El indio se dio vuelta, para ver qué lo había chocado a la altura de la espalda baja. Y se encontró con el galgo, que miraba a su prima por debajo del brazo derecho del indio, que tenía la misma circunferencia que el torso completo del galgo. El indio flexiono las piernas para quedar a la altura del galgo, y le hablo al odio. Viste, en el boliche no se escucha una mierda. El galgo también movía los labios y gesticulaba con una mano, y el indio empezó a mecer la cabeza en señal de desaprobación. Nosotros observábamos la imagen desde la barra, a dos metros de ellos. Yo asustado mire a Claudia, que seguía con la cabeza apuntando al piso, pero miraba a lo que se veía del leo de refilón, con atención. Luego de unos minutos en los que no sabíamos si íbamos a revolear trompadas o a hacer una ronda para que bailen adentro el galgo y la correntina, el indio volvió a sus dos metros de altura y giro para bailar con su prima. El galgo se nos acercó claramente fastidiado.

Maldijo al indio en todos los idiomas, ahí nos contó que la prima tenia dieciséis años. Y que la tía del Indio se la había mandado para que la cuide, y ver si se “a climatizaba” a la ciudad, así una vez que termine la escuela, poder estudiar acá en Rosario.

Bueno galgo, me acuerdo que le dije, mejor. Capaz que la piba se acomoda y en un año, más tardar dos ya se instala a vivir acá. Seguro se aclimata, si esta ciudad es hermosa, le dije para calmarlo.

El notó mi manejo de los tiempos, esos propios de un arquero. Y me dijo que estaba enamorado. Que quería acercarse a ella. Me impacto lo que me dijo, porque él no era un tipo de esos que piropean y hablan de “La” mina. Sin embargo dejo claro que había recibido un flechazo.

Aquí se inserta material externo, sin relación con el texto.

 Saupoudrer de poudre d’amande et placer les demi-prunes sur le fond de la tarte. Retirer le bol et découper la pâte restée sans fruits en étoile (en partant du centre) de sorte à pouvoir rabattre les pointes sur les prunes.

Pero que el indio le había prohibido hacerlo, que la tía le había dicho al indio que la prima no se meta en problemas. Y que a cambio de devolverle a la hija sana y salva, ella lo iba a beneficiar.

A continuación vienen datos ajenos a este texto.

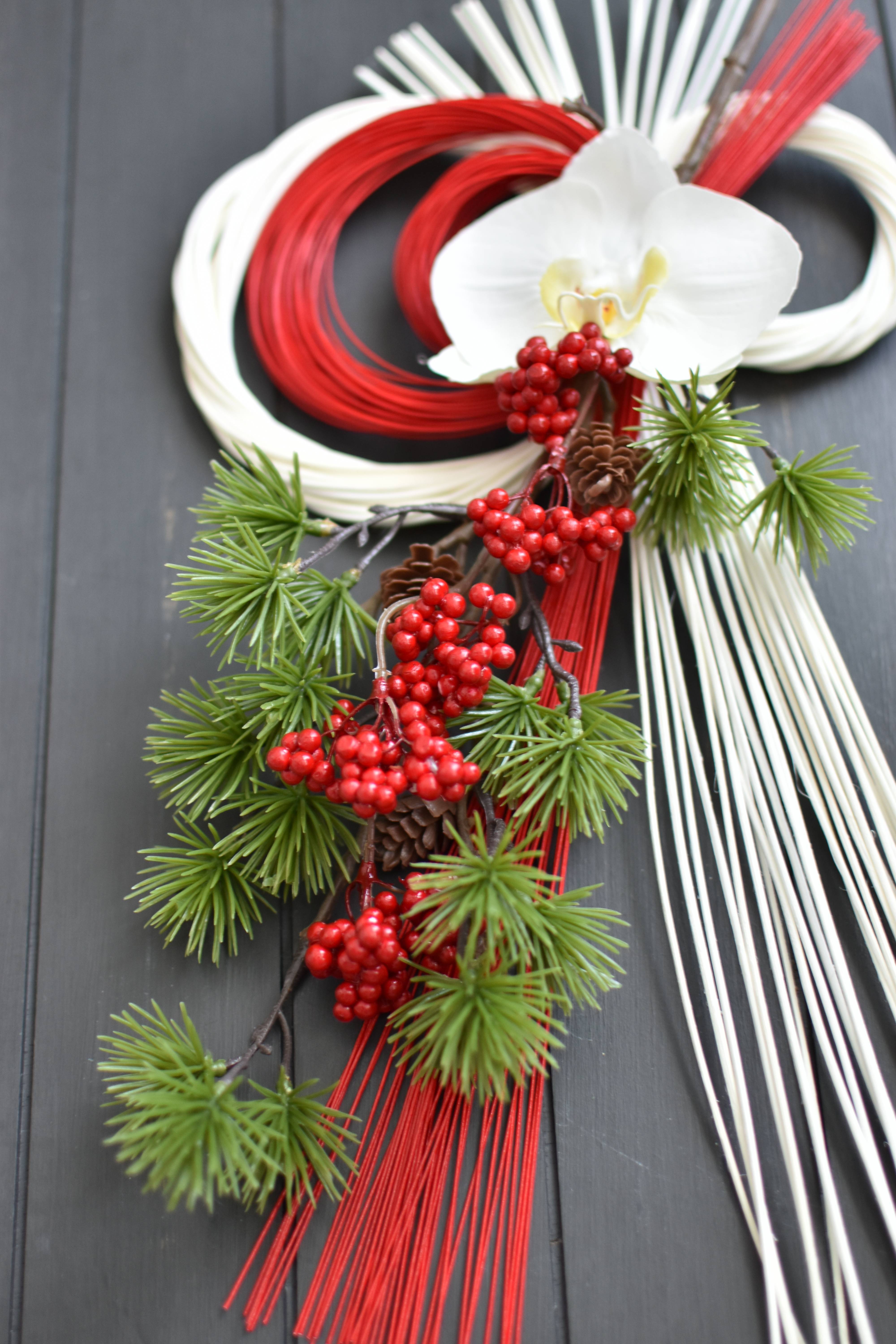 胡蝶蘭、松、南天、水引で仕上げました。

Claro el indio, laburaba de sol a sol, de repositor en un supermercado chino. Trabajaba domingos, feriados, navidad, año nuevo. Los días que se te ocurran, a la hora que se te ocurra, el indio estaba laburando para el señor Chong. Un chino retacón, que hablaba muy poco el español. Lo salvaba de jugar los sábados al futbol, porque como siempre nos faltaba uno, había invitado a su patrón a jugar, con esa excusa lo dejaba salir si no, no había manera. El chino ni botines tenía, estaba perdidisimo en la cancha de once, lo que nos cagábamos de risa cuando le erraba a la pelota, mira no sabes. La cuestión aparentemente era que si a la prima no le pasaba nada, al indio se lo iba a llevar la tía de Claudia a trabajar a corrientes donde la familia de su segundo marido tenía una buena distribución de embutidos. Te imaginas que el indio no iba a ceder e iba a cuidar a Claudia de todos los peligros que la azoten.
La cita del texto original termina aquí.